What This Tool Cannot Do
This is a triage tool, not a diagnosis. It cannot examine your dog, run bloodwork, or account for your dog's individual health history. It works by pattern-matching your inputs to the most common causes of each symptom across the general dog population.
Some conditions are rare, some dogs are stoic about pain, and some symptoms look mild on the surface but signal something serious underneath. When in doubt, call your vet. Most clinics will talk you through a triage decision over the phone at no charge.
Common Symptoms by Category
Not sure which symptom to pick? Here is a quick reference for the most common concerns:
Neurological / Pain
General
Frequently Asked Questions
How accurate is this dog symptom checker?
This tool is designed to help you triage -- not diagnose. It maps combinations of symptom, severity, and duration to the most common causes and gives you a practical go/wait/monitor recommendation. It cannot account for your individual dog's history, age, or pre-existing conditions. Use it as a starting point, not a final answer.
My dog has multiple symptoms. Which one do I check?
Check the most severe or alarming symptom first. If your dog is vomiting AND lethargic, the lethargy often signals something systemic and should take priority. If any single symptom scores as an emergency, treat it as an emergency regardless of what the others say.
When should I skip the checker and go straight to the vet?
Go immediately if your dog is: unable to breathe normally, bleeding heavily and it won't stop, unconscious or unresponsive, showing signs of extreme pain (howling, won't let you touch them), having a seizure, or if you know they swallowed something toxic. These are not "checker" situations.
Is this checker safe to use for puppies?
The same symptoms are generally more serious in puppies under 6 months.
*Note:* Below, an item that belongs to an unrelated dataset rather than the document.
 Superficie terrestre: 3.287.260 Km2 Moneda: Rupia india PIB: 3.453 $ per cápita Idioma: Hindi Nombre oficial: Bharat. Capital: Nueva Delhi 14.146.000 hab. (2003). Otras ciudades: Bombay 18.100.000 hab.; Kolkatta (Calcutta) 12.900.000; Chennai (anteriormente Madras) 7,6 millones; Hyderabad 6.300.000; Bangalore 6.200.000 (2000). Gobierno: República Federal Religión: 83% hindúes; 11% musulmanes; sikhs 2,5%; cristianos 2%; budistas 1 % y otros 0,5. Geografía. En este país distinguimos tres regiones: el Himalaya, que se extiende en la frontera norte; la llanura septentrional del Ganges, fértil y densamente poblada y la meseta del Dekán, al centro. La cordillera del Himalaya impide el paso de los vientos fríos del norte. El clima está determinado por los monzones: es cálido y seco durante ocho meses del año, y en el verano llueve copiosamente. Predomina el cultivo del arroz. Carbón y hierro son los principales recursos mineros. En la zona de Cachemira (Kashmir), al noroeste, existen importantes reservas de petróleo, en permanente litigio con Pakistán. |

Puppies dehydrate faster, their immune systems are less developed, and they have less reserve when something goes wrong. If your puppy is showing any moderate or severe symptoms, err on the side of calling your vet.
What does "monitor at home" actually mean?
Monitor means: watch for changes over the next 12-24 hours, keep your dog calm and hydrated, note whether symptoms are improving or getting worse, and be ready to escalate if anything changes. It does not mean "ignore it." If you are not comfortable trusting your own judgment, call your vet -- most clinics have a nurse line for exactly this reason.